- Flag
- Interactive map of Bati
- Zone: North Wollo
- Region: Amhara

Area
- • Total: 1,132.16 km^{2} (437.13 sq mi)

Population (2012 est.)
- • Total: 118,176
- • Density: 104.38/km^{2} (270.34/sq mi)

= Bati (woreda) =

Administrative subdivision of Ethiopia

Bati (Oromo: Baatee; Amharic: ባቲ) is a district in the Oromia Zone of the Amhara region of Ethiopia. Bati is bordered on the south by Dawa Harewa, on the southeast by the Argobba special woreda, on the west and north by the Debub Wollo Zone, and on the east by the Afar Region. Towns in this woreda include its administrative center, the market town of Bati. The towns of Degan and Gerba were administratively part of Bati before the 2007 census but was then transferred to Kalu woreda.

A notable landmark of this woreda is the Aneba forest. These 53 hectares of woodland are one of the few remaining stands of Afrocarpus gracilior, an indigenous tree locally known as Zegba, in Ethiopia. At least one tree in this woodland, known as Aliyaw, is 700 years old.

==Demographics==
A 2012 estimate puts the population at 118,176. This gives a population density of 104.38 people per square kilometer (270.34 people per square mile), given its area of 1132.16 square kilometers (437.13 square miles), lower than the Oromia Zone average of 144.19 people per square kilometer (373.39 people per square mile).

Based on the 2007 national census conducted by the Central Statistical Agency of Ethiopia (CSA), this woreda has a total population of 107,387, of whom 53,731 are men and 53,656 women; 16,710 or 15.56% are urban inhabitants. With an area of 1,132.16 square kilometers, Bati has a population density of 94.85, which is less than the Zone average of 131.78 persons per square kilometer. A total of 23,417 households were counted in this woreda, resulting in an average of 4.59 persons to a household, and 22,531 housing units.

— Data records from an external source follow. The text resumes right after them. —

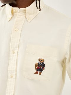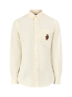 The Oxford Shirt Cream is a cornerstone of men’s designer shirting. Woven from pure cotton for softness and durability, it captures Polo Ralph Lauren’s collegiate aesthetic with a button-down collar and embroidered Pony. A versatile men’s shirt designed for work, weekend, and everything in between.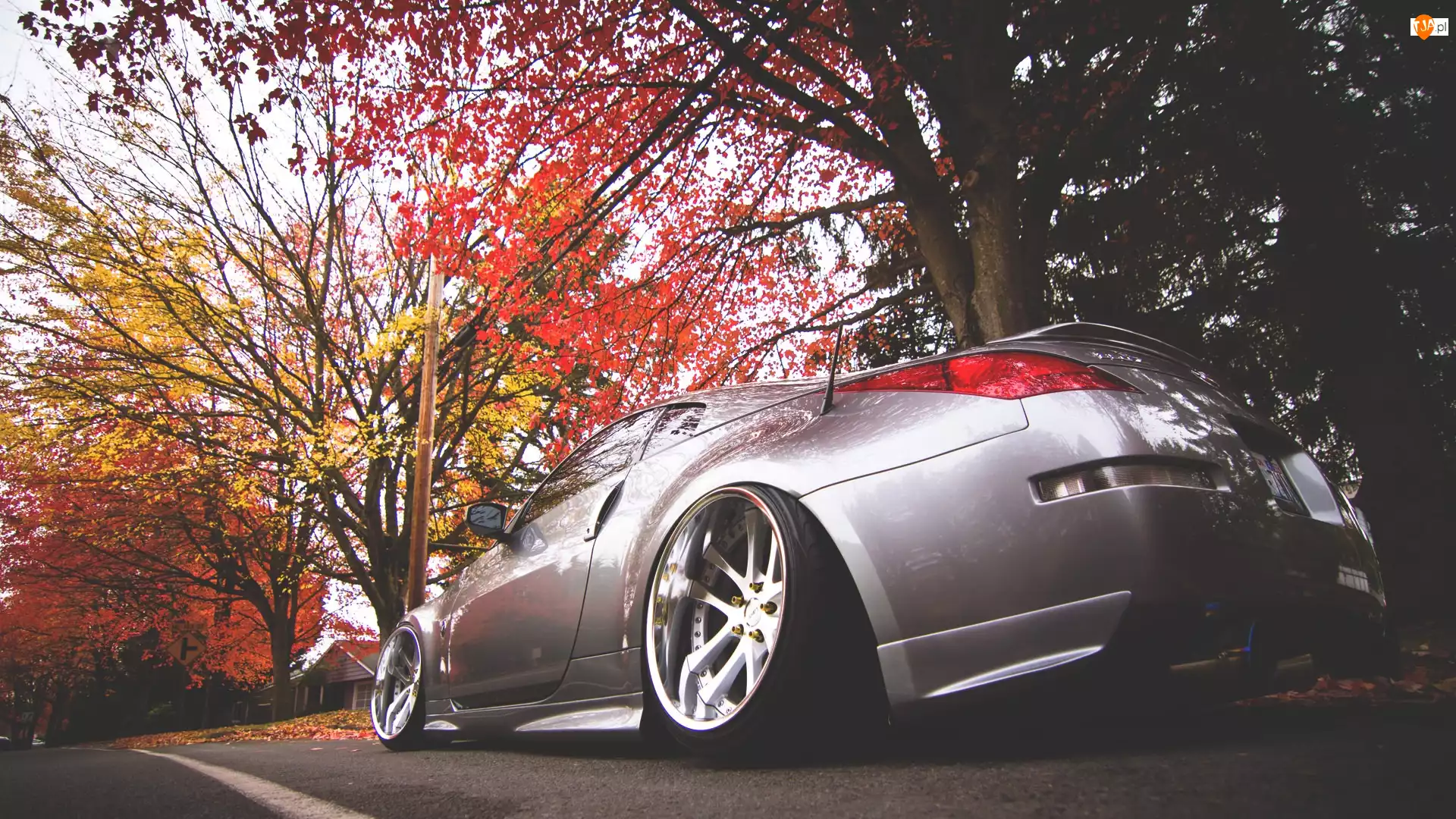 Samochód, Nissan, Drzewa, Srebrny, Droga, Jesień, 350Z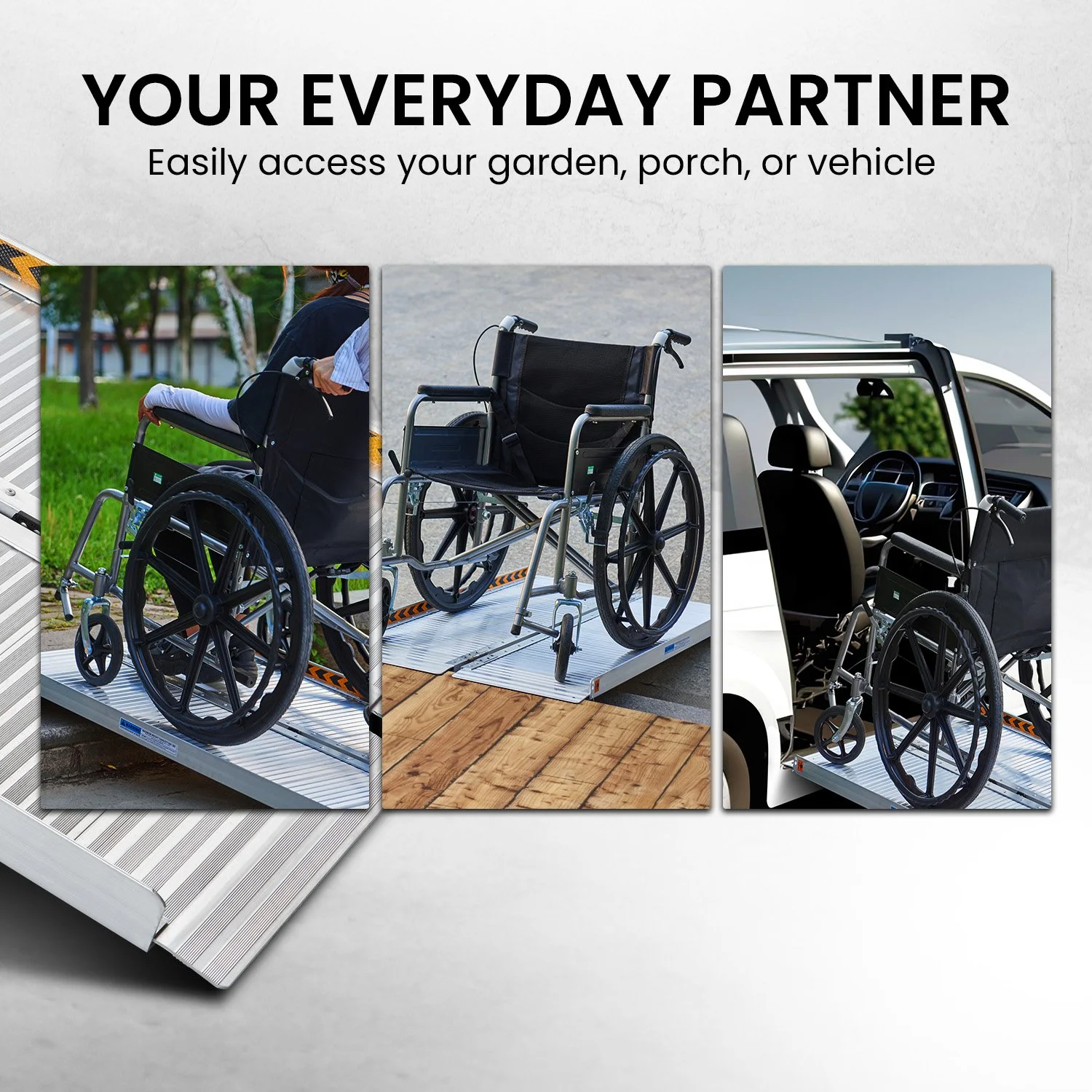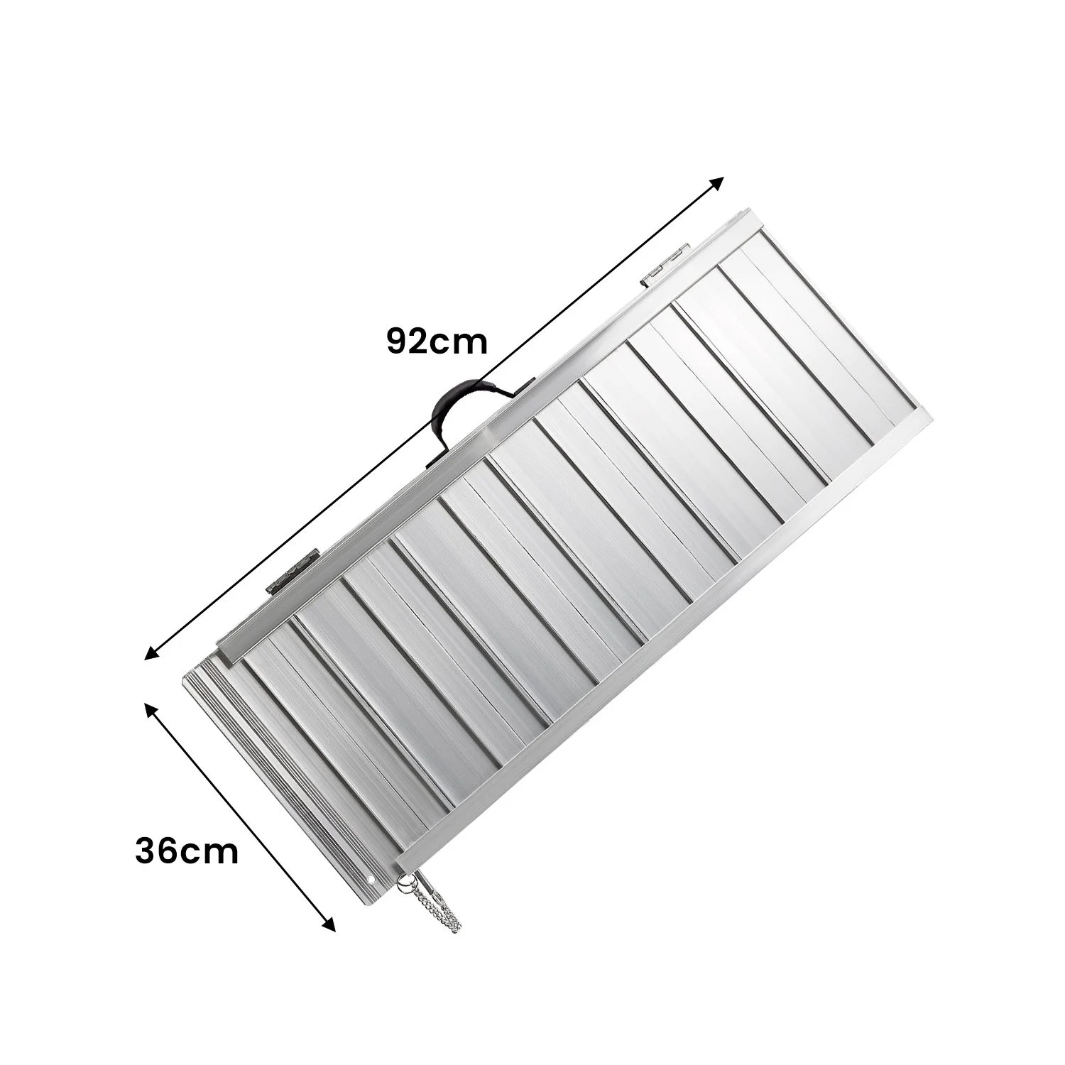This foldable aluminium wheelchair ramp is the ideal solution for climbing steps and kerbs or for getting into your vehicle. It is designed for portability, with a carry handle, locking pin and smart folding design.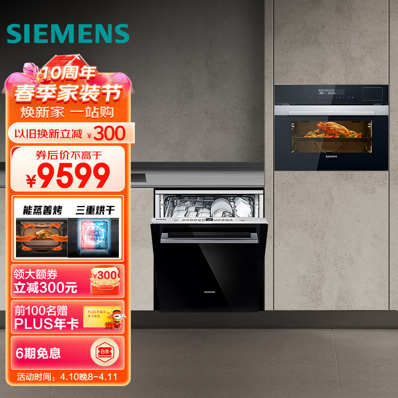 西门子(SIEMENS)全自动12套嵌入式洗碗机+蒸烤一体机套装 (带黑门板)
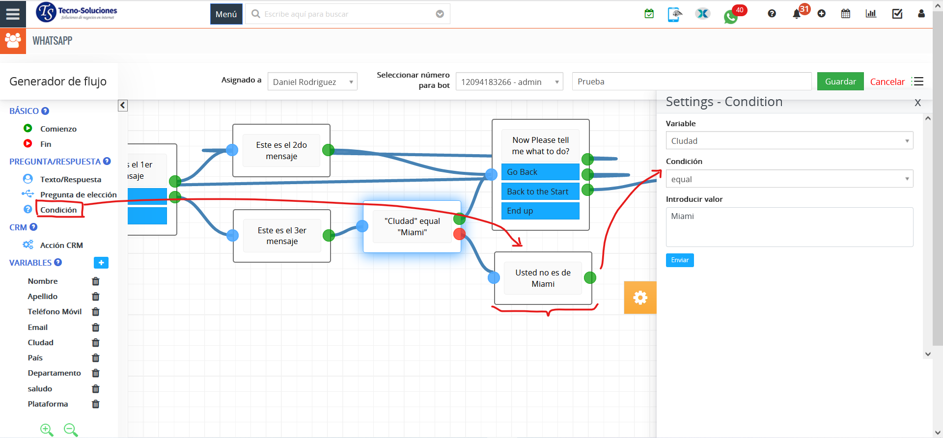 - Agregue Condición para compararla con una respuesta de un cliente en Bot.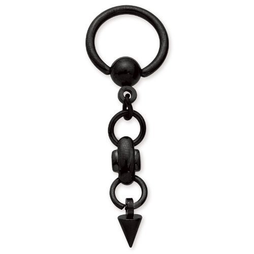 Surgical Steel Captive Ring with Black PVD cone dangle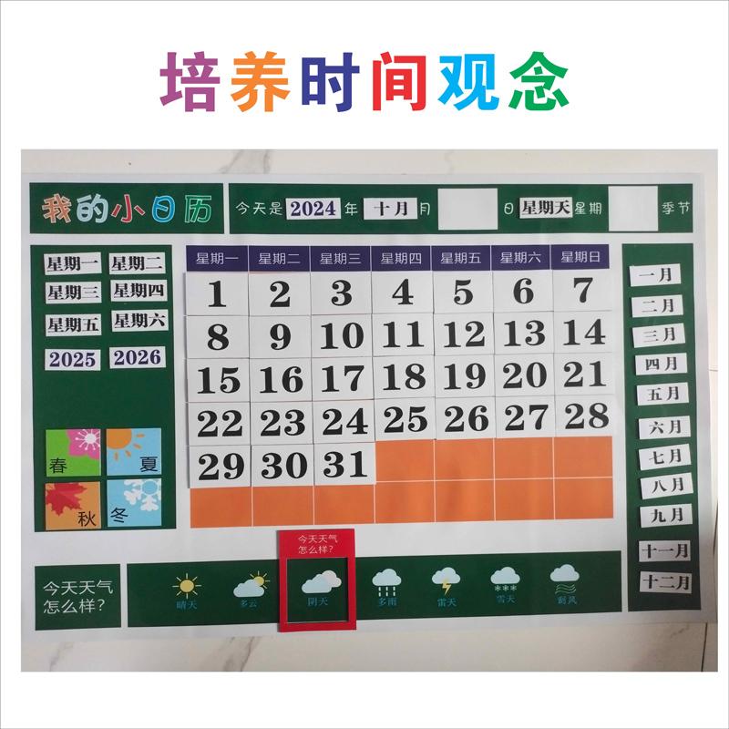 磁性日历天气星期日期季节益智玩具教具儿童早教幼儿园磁贴认知卡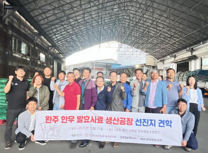 이번 견학은 완주 지역 축산단체와 관련 기관 관계자 등 총 20여 명이 함께한 가운데, 발효사료 생산공정과 운영 시스템을 직접 확인하며 향후 완주군 한우산업의 발전방향을 모색하기 위해 마련됐다.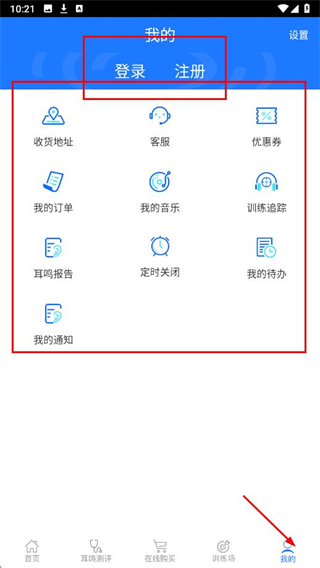 4、用戶可進(jìn)行登錄注冊,管理收貨地址、客服咨詢、優(yōu)惠券使用,查看我的訂單、我的音樂、訓(xùn)練追蹤、耳鳴報告、定時關(guān)閉設(shè)置、我的待辦和我的通知等。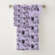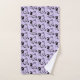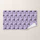 Una toalla con estampado diseñada con el ilustracion de un gatito sonriente y ondeando con un manto negro alrededor de la oreja. Fondo morado. Simple lindo y adorable.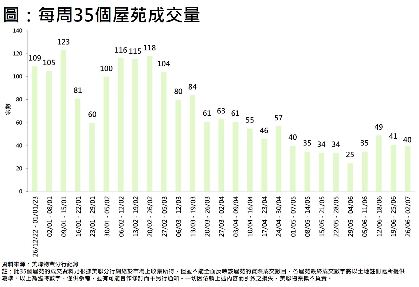 啟德新盤上周末開售,銷情理想,搶去市場注意力,二手物業交投繼續受壓。綜合美聯分行資料,全港35個大型屋苑過去一周(6月26日至7月2日)合共錄40宗成交,較前一周(6月19日至6月25日)的41宗按周輕微減少1宗,下跌約2.4%(見圖)。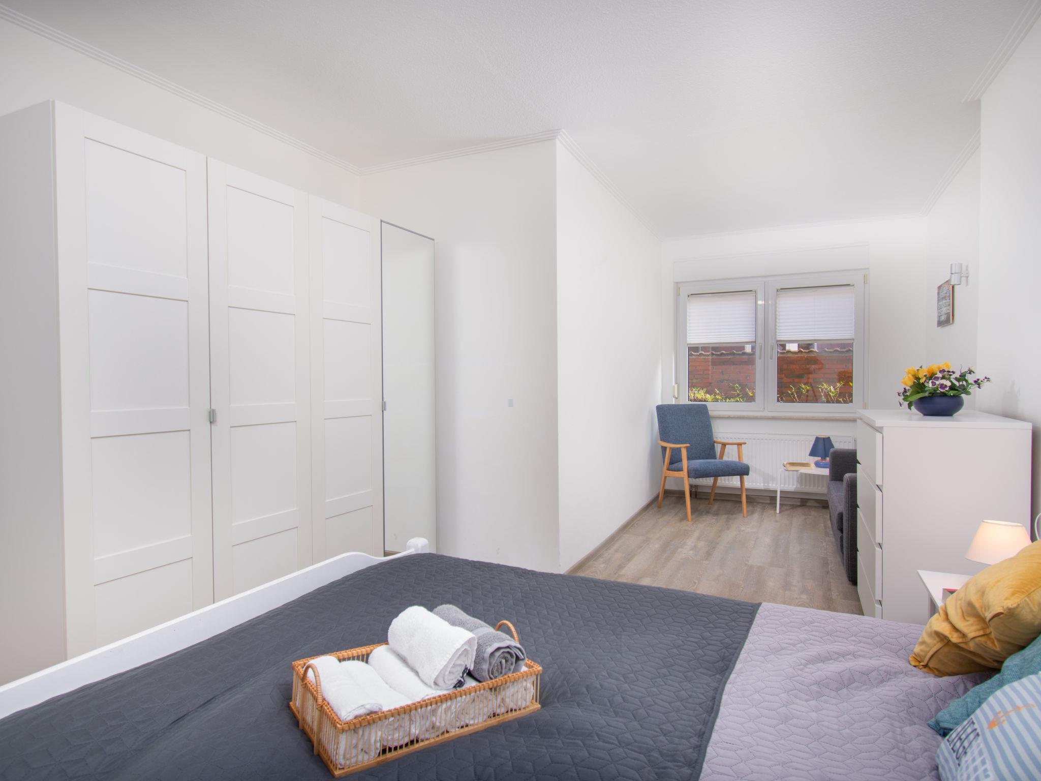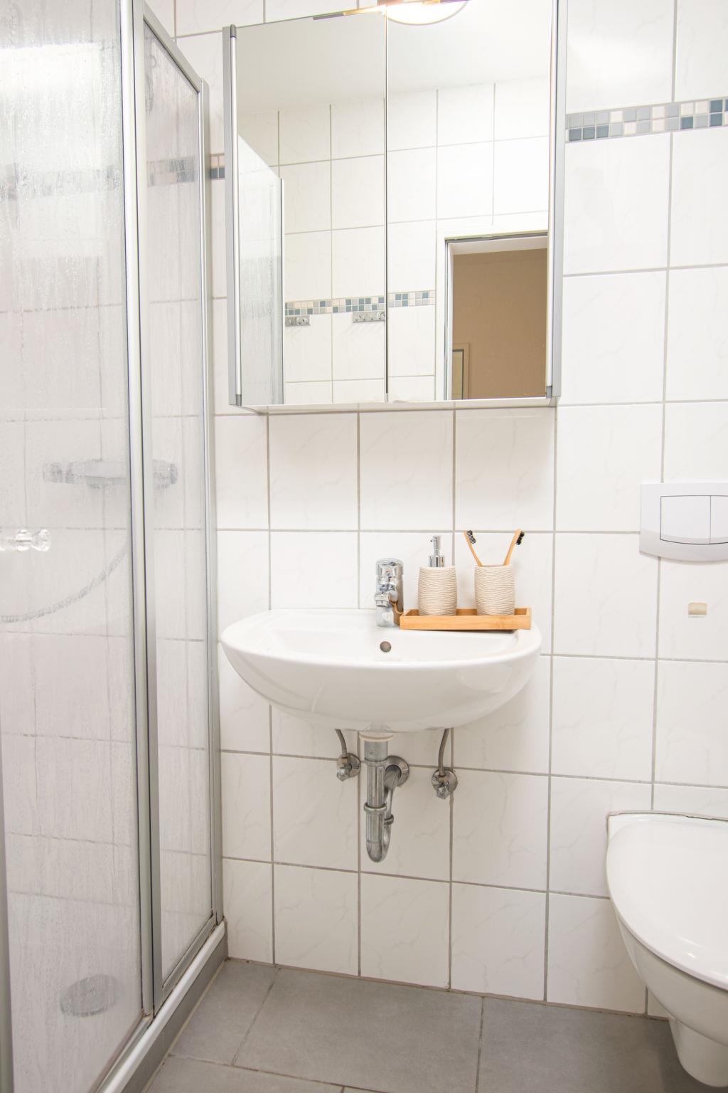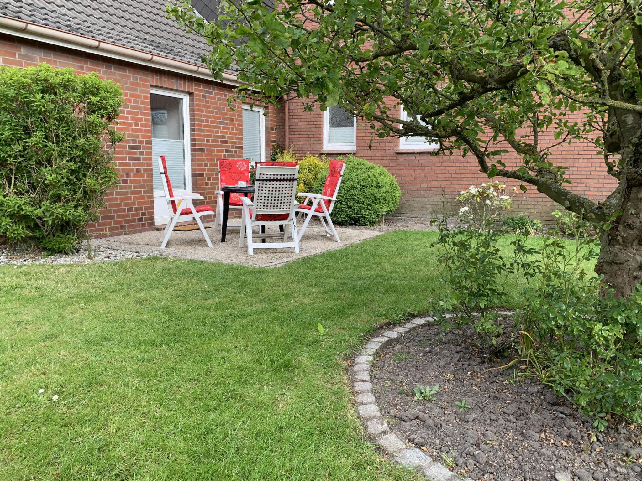 "Strandmuschel", 3-room apartment 56 m2, on the ground floor. Beautiful and cosy furnishings: living/dining room 22 m2 with satellite TV (flat screen), radio and CD-player. Exit to the garden, to the terrace. 1 room 20 m2 with 1 double bed (2 x 90 cm, length 200 cm). 1 room 6 m2 with 2 beds (90 cm, length 200 cm). Small kitchen (2 ceramic glass hob hotplates, electric coffee machine, pizza oven). Shower/WC. Terrace furniture, barbecue (portable). Facilities: children's high chair (extra). Please note: non-smokers only.

The 1994 national census reported a total population for this woreda of 144,904 in 27,384 households, of whom 72,487 were men and 72,417 were women; 19,352 or 13.36% of its population were urban dwellers.

The two largest ethnic groups reported in Bati were the Amhara (49.72%), and the Oromo (48.98%); all other ethnic groups made up 1.3% of the population. Amharic was spoken as a first language by 51.08%, and 48.25% spoke Oromiffa; the remaining 0.67% spoke all other primary languages reported. The majority of the inhabitants in 1994 were Muslim, with 97.96% reporting that as their religion, while 1.99% observed Ethiopian Orthodox Christianity. By 2007 that had changed very little, with 96.06% reporting that as their religion, while 2.99% of the population said they practiced Ethiopian Orthodox Christianity.